We were down in the town of Komatsucho by this stage with not much more than kilometre to go. Distracted by the boggled interest of some school kids, we weren’t quite sure how many right angle turns we’d made and asked a passing motorist for directions to the last temple, Hoju-ji, Preserved Treasure Temple, Number 62. She didn’t want to tell us. In a final gesture of ossetai she really really wanted to drive us there. But no, no way. Not today. We’d come this far and while trembling on the brink, we hadn’t tumbled over the train timetable precipice just yet. We turned a corner and in the far distance I could see a big traffic sign to the eki, which I knew was 100 metres from the temple. So we hustled along the footpath of a busy main road to find a good deal of Hoju-ji in the middle of major building works. The contemporary world will intrude.
And yes …with just enough time to tackle the vending machines.
••••
Did we get sick of temples? No. There are half a dozen more I’d really like to see including Number 88. Did we find them all interesting? No. It varied. But almost always. Shosun-ji, Iwaya-ji and Tairyu-ji I am unlikely to forget, not for the pain but for the reward of getting to them. Did we become pilgrims? No. We were just walkers having a red hot time.

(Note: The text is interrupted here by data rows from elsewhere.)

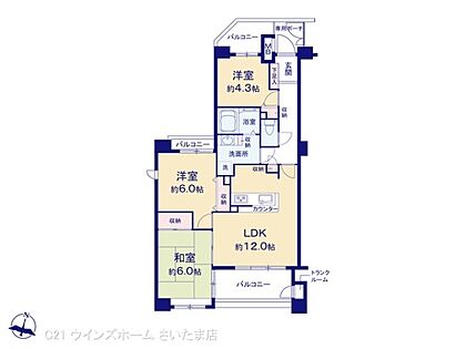 南、西、北の3方角部屋!バルコニー3か所で開放感があります!
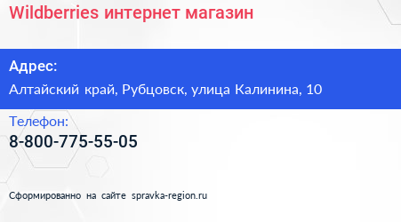 Wildberries, интернет-магазин по адресу Алтайский край, Рубцовск, улица Калинина, 10 в дальнейшем Организация, размещена в следующих категориях:
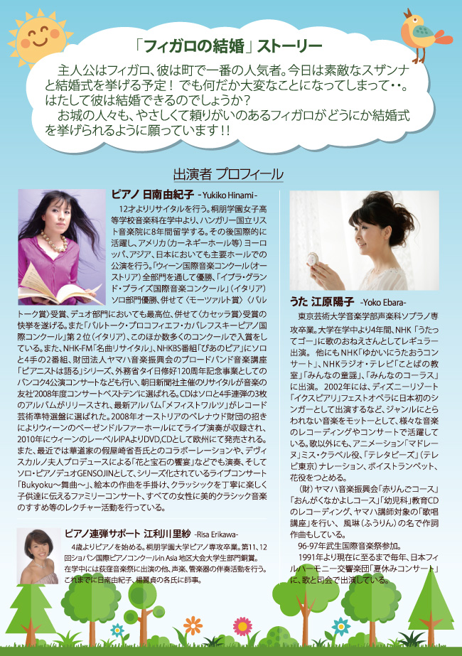 おうたに江原陽子さん、ピアノに日南由紀子さんを迎え、モーツァルトのオペラ「フィガロの結婚」を中心に、オペラの名曲が楽しめます!
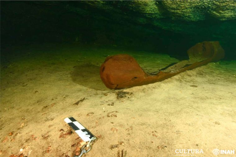 У своїй заяві INAH зазначає, що археологи також виявили кераміку, ритуальний ніж та фрески у формі рук на скелі у прісноводному басейні.
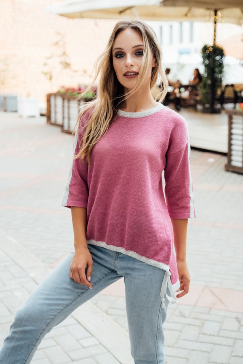 Джемпер 100% лен, силуэт прямой, горловина круглая.
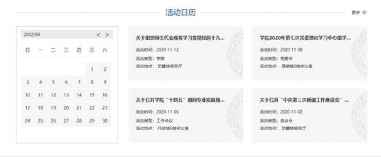 日歷日期鏈接學(xué)院所有活動(dòng),以直觀的表現(xiàn)形式介紹活動(dòng)時(shí)間及情況。同時(shí)采用時(shí)間軸的形式回顧活動(dòng),可以讓訪問者快速便捷的訪問以往相關(guān)活動(dòng)信息。
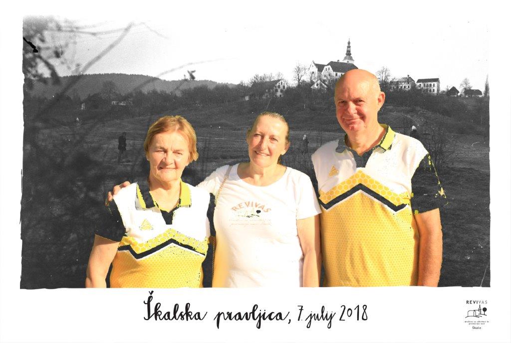 V soboto, 7. julija popoldne je v sklopu projekta Škalska pravljica potekalo 18. srečanje preseljenih Škalčanov ter srečanje učiteljic, ki so poučevale v Škalah do leta 1988. Udeležba preseljenih Škalčanov je bila solidna. Od 15 še živečih učiteljic se je vabilu odzvalo 11, dve sta morali zaradi zdravstvenih težav svojo udeležbo odpovedati. Za goste in druge obiskovalce smo v dvorani KS v gasilskem domu pripravili kratek kulturni program, ki ga je povezovala Klara Jan, v njem pa so poleg članov društva REVIVAS sodelovali še Ana Kontič in ljudske pevke Gaberški cvet. Goste so pozdravili predsednica društva REVIVAS Škale Verica Pogačar, predsednik sveta KS Božidar Repnik ter dolgoletni organizator srečanj preseljenih Škalčanov Herman Arlič. Sledilo je druženje pred gasilskim domom, kjer smo poskrbeli za sceno, ki je spominjala na prvotno središče vasi: od podob Škalskega hriba, lipe in vodnjaka do "sejmišča". Na stojnicah so se predstavili lokalni ponudniki (Darja Miklavžina, Čebelarstvo Čanč, Jože Ržen, LOKO-LOKO, sekcija izdelovalk rož iz krep papirja) in Turistično društvo Šmartno ob Paki z zeliščnimi izdelki. Obiskovalci so lahko izkoristili fotografiranje na foto stojnici, še posebej zanimivo pa je bilo fotografiranje učencev z njihovimi učiteljicami in Mimiko, ki je dolga leta skrbela za šolo in malice učencev. Rdeča nit popoldneva je bilo obujanje spominov na šolo. Moderatorka Pavlica Šibanc Kodrun je skrbela, da je bilo na prizorišču ves čas živahno in zanimivo. Vsak, ki je bil pripravljen z obiskovalci deliti kakšno anekdoto iz šolskih klopi, je za nagrado prejel imitacijo šolske tablice, ki jo je za to priložnost izdelalo Mizarstvo Meh.
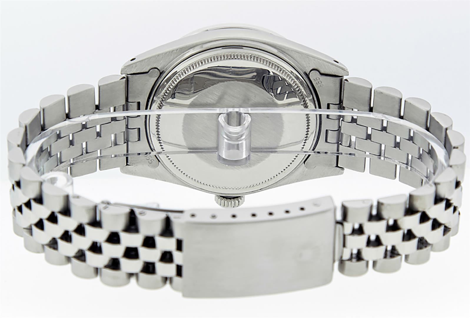 One Mens Pre Owned Stainless Steel Rolex Datejust Polished Bright with Satin Finish, Serviced & Electronically Tested, Rolex Stainless Steel Case: 36mm, Rolex Stainless Steel Crown, Rolex Bezel: 14K White Gold Fluted Bezel. Custom Crystal: New Acrylic Cyc
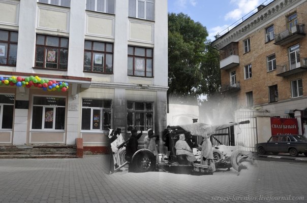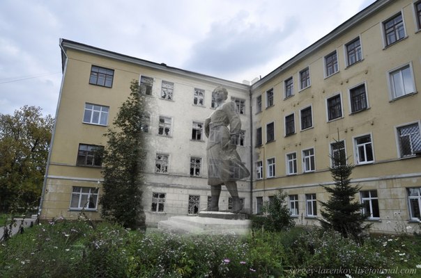 Тула 1941/2013 Пр.Ленина, 84к.8. Во дворе 3-го учебного корпуса Тульского Государственного Университета, где во время обороны находились штабы Тульского рабочего полка и 156 полка НКВД.
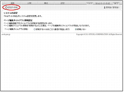設定画面で「抑制する」を選択した場合でも、およそ8時間経つと、自動でログアウトします。その場合、編集中のページは保存されずに破棄されます。定期的にバックアップを取ることをお勧めします。
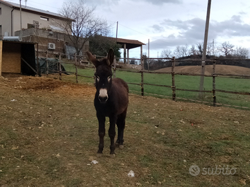 Vendo asino ragusano maschio, intero, di quasi 3 anni. Abituato a vivere con cavalli, capre e pecore. In regola con libretto e prassi sanitarie. Docilissimo con le persone, è stato preso da piccolo ed è cresciuto in contesto familiare.
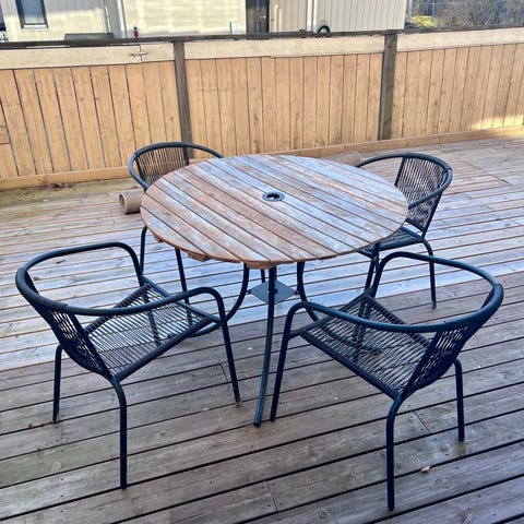 Metallinen pyöreä pöytä ja tuolit
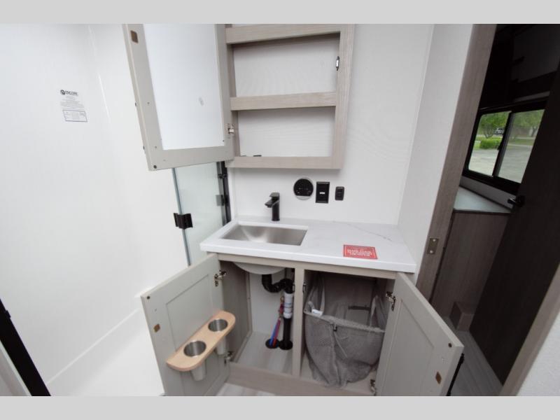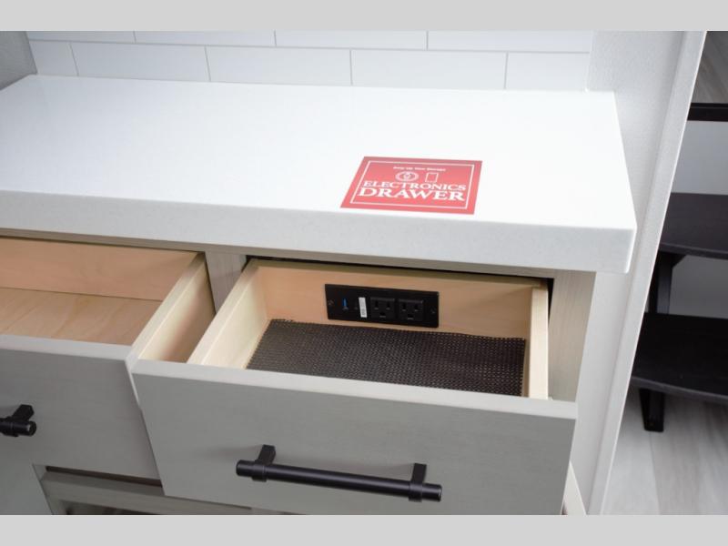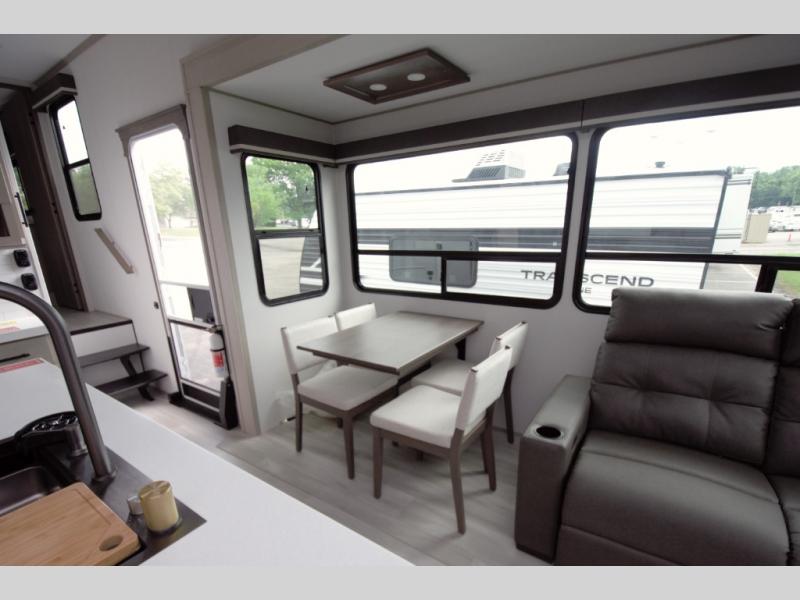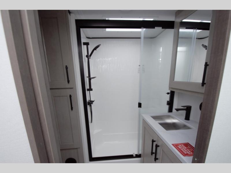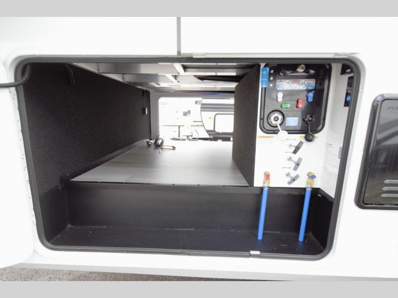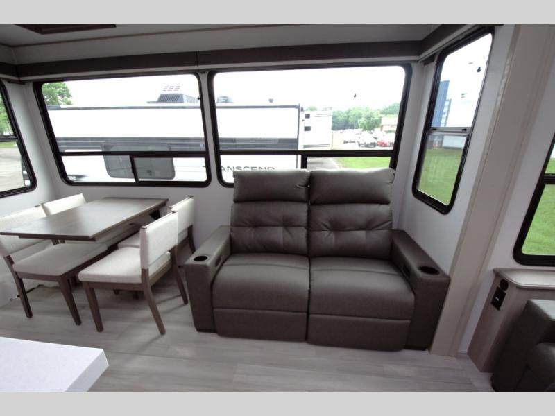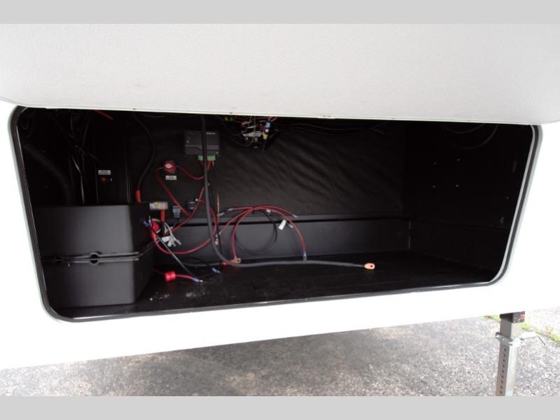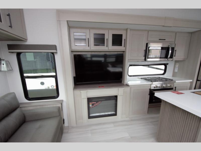 The main living space includes dual opposing slides for an open concept feel. Relax in theater seating or on the tri fold sofa, enjoy meals at the free standing dinette, and stay cozy with the electric fireplace and entertainment center.

In terms of background, do I wish I knew then what I know now? Mmm … moot point. Not sure. It’s a bit like track notes. They never make sense till after you’ve done the walk. But there is nothing which sustains liveliness of mind more than the joy of initial discovery. Do I wish I had known more about temple etiquette? Yes. You light your joss sticks in threes and ring the bell once only. Anything a) less and b) more is egregious.
Myrna says:
It was like solving a puzzle every day. That’s the pilgrimage.
We ate outstanding apples, and great rice crackers. The white bait was full of flavour and life. We appreciated water. That’s the pilgrimage too.
As you go up into the mountains, with the effort and focus of the climbing and the constant presence of the natural world, the daily concerns of life just fall away. You are reminded of this by all those jizos which represent so much pain, parents struggling to lighten the weight of their sadness. Then you get to a temple garden and there is stillness and peace in the beauty, peace stopping the usual hurly burly of your mind. It’s not the religion or the ritual or the statues or the temples; it’s the experience. That’s the pilgrimage.